DATA SECTION:
========================================================================
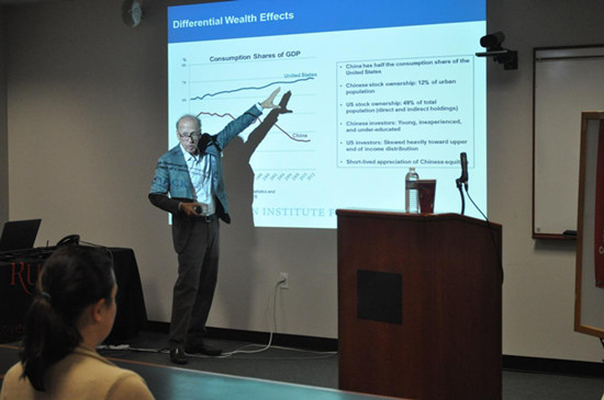 当地时间10月1日,美国耶鲁大学(Yale University)资深经济学教授、摩根斯坦利银行亚洲(Morgan Stanley Asia)前主席、著名经济学家史蒂芬·S·罗奇(Stephen·S·Roach)应新泽西州立罗格斯大学孔子学院邀请,为罗格斯大学百余名师生举办了一场中美关系讲座。
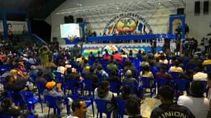 Presentación del libro “EVO OPERACIÓN RESCATE” evento que se realiza en la sede de la Coordinadora de las seis Federaciones del Trópico de Cochabamba
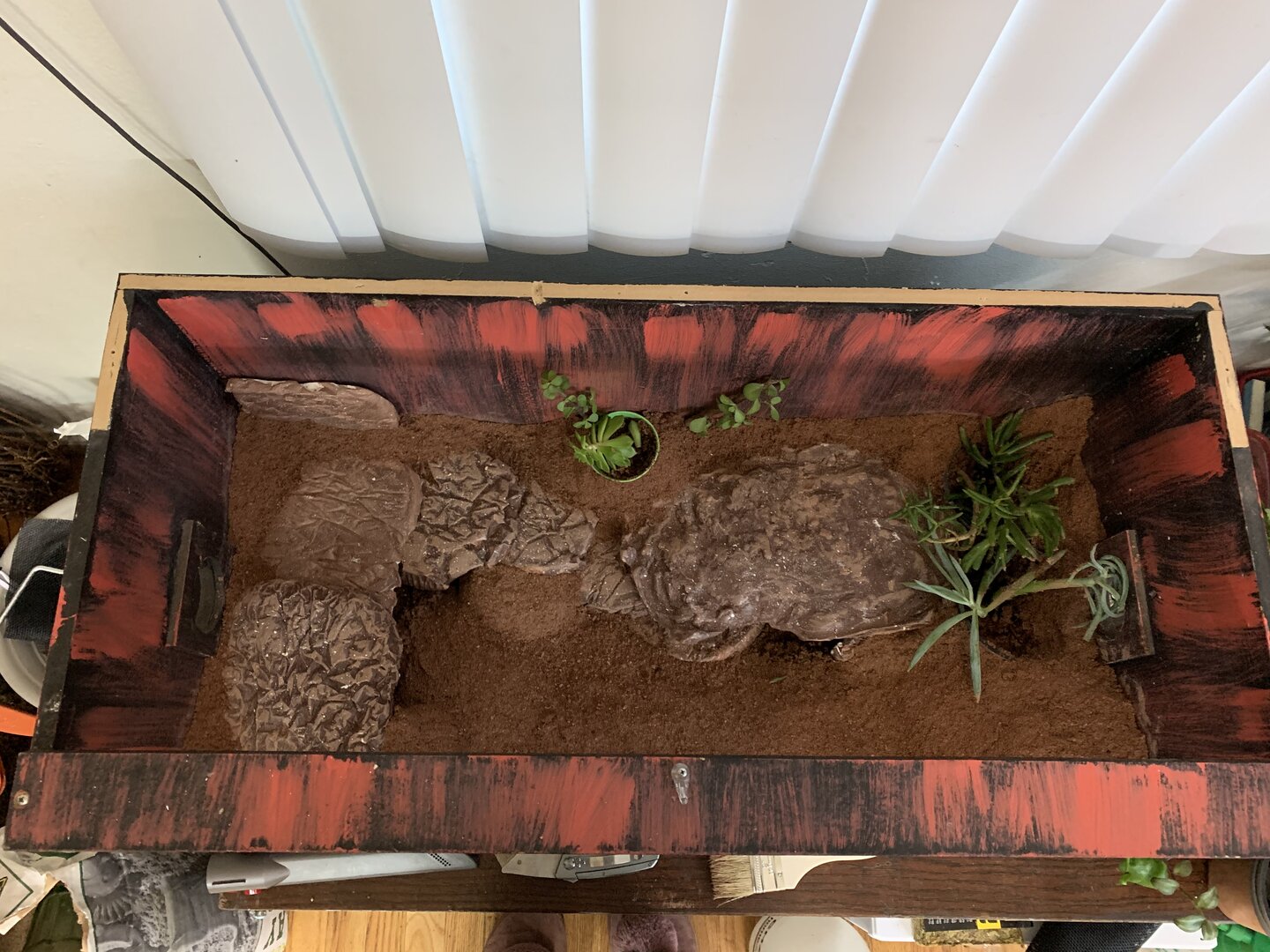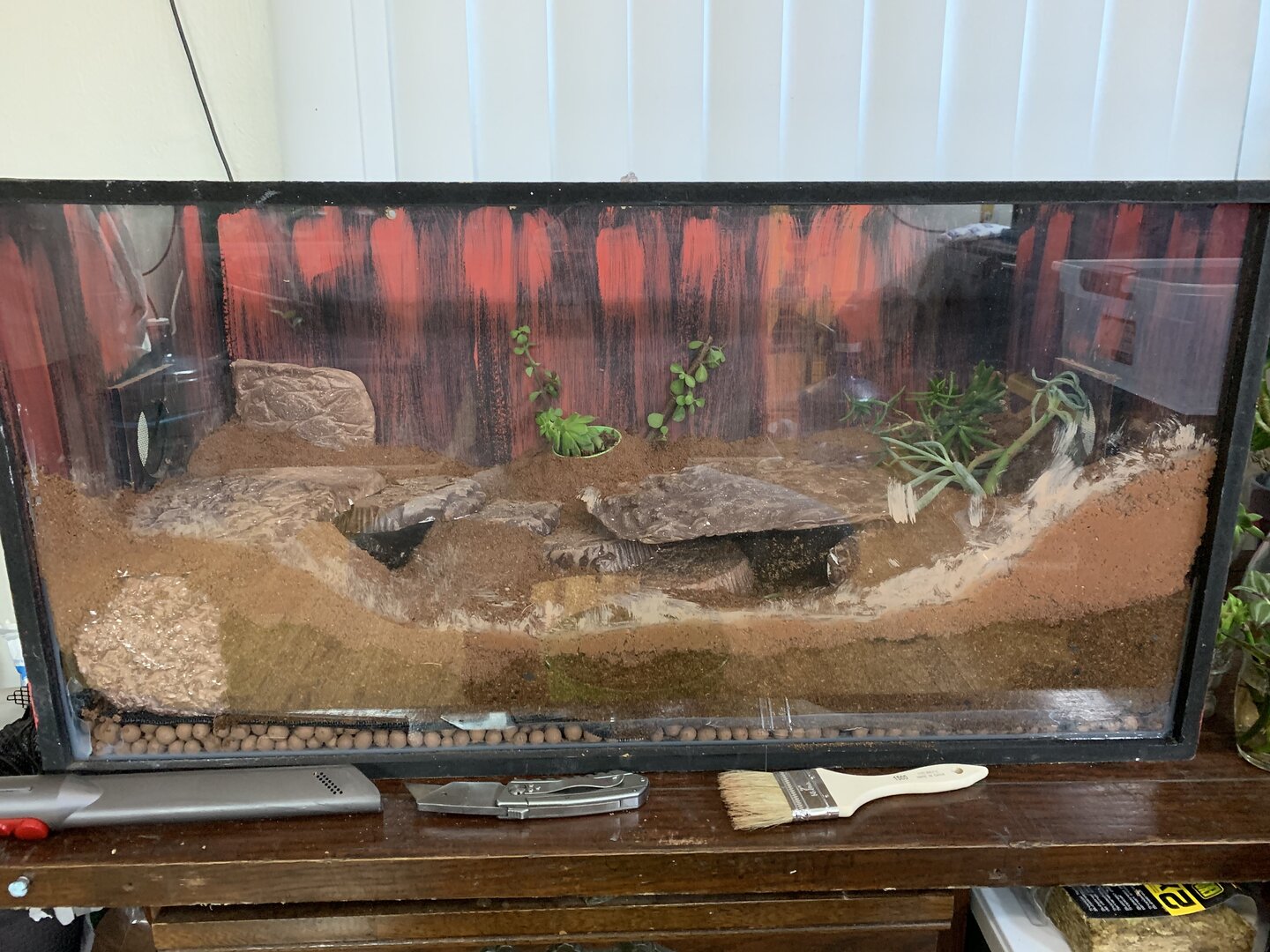 I’m sure your enclosure looks fabulous, all the “rocks” I made them myself. I bought plaster and made molds out of tinfoil.
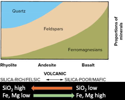 - Felsic magma – high in SiO2 (up to 75 %) with some aluminum, but low in iron and magnesium. High viscosity, flow slowly. Gases get trapped, cause explosions.
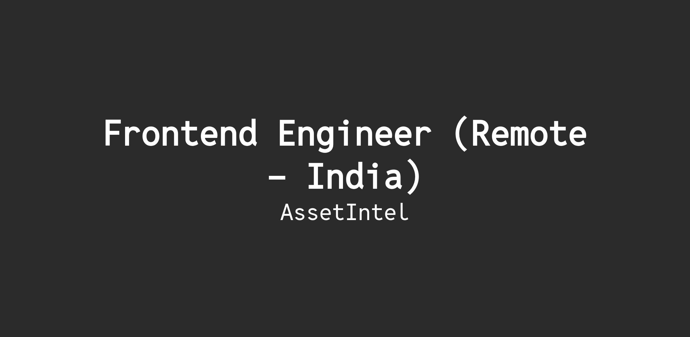 At AssetIntel, we believe that every developer is responsible for code ownership.. As a Frontend Developer, you will work on one or more React-based applications. You will have the opportunity to:
========================================================================
EXERCISE PROMPT: The answer must be the exact lines from the line with "I’m sure your" to the final line of the data, both ends included, with no pictures.

EXPECTED ANSWER:
 I’m sure your enclosure looks fabulous, all the “rocks” I made them myself. I bought plaster and made molds out of tinfoil.
 - Felsic magma – high in SiO2 (up to 75 %) with some aluminum, but low in iron and magnesium. High viscosity, flow slowly. Gases get trapped, cause explosions.
 At AssetIntel, we believe that every developer is responsible for code ownership.. As a Frontend Developer, you will work on one or more React-based applications. You will have the opportunity to:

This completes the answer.